C'è stato un tempo, in cui ci siamo rincorse nel sogno, ed abbiamo salito le due discese opposte, ansimato, girato l'angolo e pensato che il caso bastasse, per rivedersi; però non era il tempo. Quello.

Ieri, che conta già qualche pioggia e qualche notte, ed ha aspettato vari anni e quaranta giorni per essere ieri, alla fine è successo.
O all'inizio.

E se l'ultimo mio sogno diceva che ci saremmo incontrate in un porto, non sbagliava poi di troppo. La città è di mare: una lingua tesa fra due mari anzi, che non parla dell'uno dell'altro; ma solo dello scirocco.
Il porto è d'aria, come da copione, considerato che entrambe siamo di quell'elemento essenzialmente tratte. Ed attratte.

Il tempo è venuto, alla fine (o all'inizio) di riabbracciarsi.
Come nella scena madre che occorre aver visto almeno una volta, e vissuto possibilmente tante!, un abbraccio ha raccontato più di ogni possibile articolazione sonora tutto quello che non c'è bisogno di dire. E molto più in fretta.

Il tempo è venuto lentamente, e passato ovviamente, con la sua logica paradossale, rapidissimo; ma so esattamente tutto, di quelle ore trascorse a ricoprirci i tratti del viso, a rivedere i capelli lasciati liberi dagli inganni che fuorviano le ipotesi sull'età, a rimettere insieme i pezzi sparsi nel tempo in cui non ci siamo raccontate. A raccontarci a voce, tutto quello che si cela agli occhi estranei nel silenzio delle rughe.
E poi ho preso la tua storia nei disegni, dal tuo gorgheggio accennato, sui viali che conducono dalle mura di tramontana al porto. Sempre mare. A nord, a sud. E anche dentro.
Sempre tu, anche oggi.
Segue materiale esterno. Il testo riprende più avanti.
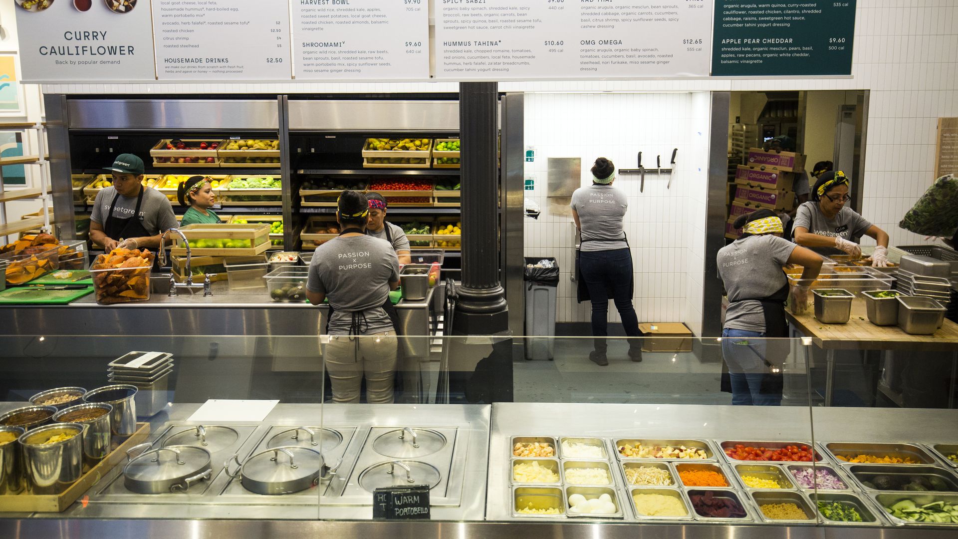 Workers prepare food inside a Sweetgreen restaurant. Photo: Adam Glanzman/Bloomberg via Getty Images

Anche diversa.

E m'incanto a vedere che niente è cambiato, benché sia tutto diverso... e tutto cambiato.
Siamo io e te, come se ci fossimo lasciate ieri, ed allo stesso tempo non ci conosciamo più. Chiediamo permesso, entriamo con delicatezza, per i primi momenti, appigliandoci a qualche ricordo comune, per vedere se sonno gli stessi; poi scaliamo le distanze con avidità, e con la sicurezza di una vecchia confidenza, della fiducia accordatami dalla gatta. E tra una lirica e un infuso di zenzero e limone, che odora di fresco, si apre un nuovo orizzonte.

Non dico che ci andremo per mano, perché non siamo mai state di quelle che si tengono la mano come i fidanzatini; loro fanno tenerezza, a noi forse sembrava di essere fragili (o solo un po' assurde); più pratiche, ci tenevamo con altri fili, una con l'altra.
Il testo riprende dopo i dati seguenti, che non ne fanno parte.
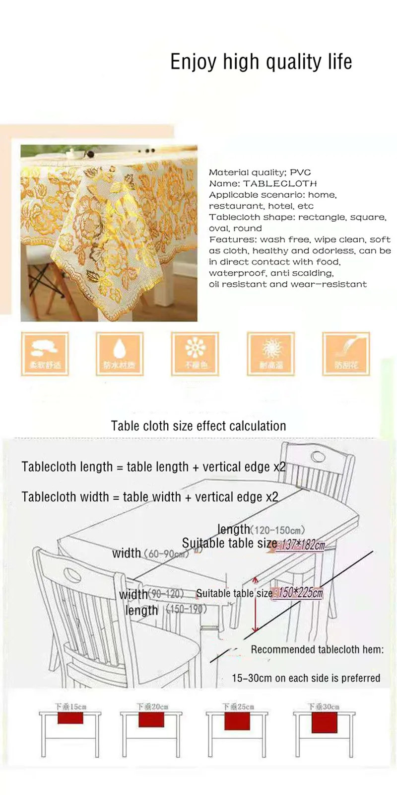 Méthode de traitement : le produit présente les caractéristiques de résistance aux températures élevées.Veuillez préparer une bassine d’eau chaude (environ 70℃), faites tremper la nappe dans le bassin pendant 2-3 minutes, puis sortez-la et séchez-la, et le pli disparaîtra.

Gli stessi, ma intrecciati ai mille che stanno nella rete fra ieri e oggi, ora, più che ritendersi tendono a rendersi un po' più visibili, che nel tempo passato senza scorgerci.
In questo tempo accaduto per tempo, con i tempi giusti, e fuori dal tempo.

... Inizio.

giovedì, aprile 23

Buon compleanno


C'era un tempo in cui tutto era piccolo e semplice. C'era poco spazio per muoversi magari, ma nessun bisogno di andare, né di lottare nella tua armatura brillante di guerriero.
Tutto ciò che occorreva in quel luogo perfetto "che si conosce solo per il suono di un fiumicello", giungeva da qualcuno che ti ha amato sopra ogni cosa, e ti ha voluto da sé, in sé, con sé.
Due si sono fatti uno. Uno che è stato capace di diventare qualcosa di più delle due metà che fanno un intero.

Uno, che come ogni uomo ha esperito la solitudine dei primi passi, acclamati, che segnano il distacco fisico dall'origine.
La solitudine delle prime affermazioni personali, che segnano il distacco psicologico.
Il volere fermamente che spinge ad un altro distacco, per creare il proprio mondo, in cui poi sei talvolta il demiurgo che si stanca, per il bisogno che ti induce a non lasciarci troppo a la lungo la mano, e a tenere tutto sulle spalle.

Guida e insegnante, mi hai condotto non fuori, ma dentro le cose.
Sapendo, come sono fatte.
Se come ogni buona guida, a volte ti sei perso è perché questo è il senso delle cose; o non ci sarebbe nessuna ricerca.

Quello che io sono, è perché ci sei stato e ci sei anche tu. Sei tu, perché la vita eterna è anche questo lasciare le tracce, il bastone, e la responsabilità talvolta, a coloro che apriranno altre vie. Che condurranno forse altri, o semplicemente cammineranno soli.

Il senso d'amore con cui verso qui questo pensiero per te, vuol essere il tributo materno della figlia che è tua sorella. La mano che ti dona almeno la carezza parolaia di poeta sgualcito, che ama ed apprezza il sentiero che hai mostrato e l'affetto incondizionato per cui a volte vorresti togliermi il peso delle cose, anche se sai che non è possibile.

Negli screzi, leggi la mia auto affermazione. Nell'affetto, e nell'armonia, il nostro non essere due, ma uno solo, in uno strano e diverso perpetuarsi della vita. che mai si disgiunge da se stessa.
Grazie.
Grazie, per aver voluto.
Per aver saputo le cose, che hai osato dire e altre volte tacere.
Grazie, per il dono che mi hai fatto e mi fai ogni giorno.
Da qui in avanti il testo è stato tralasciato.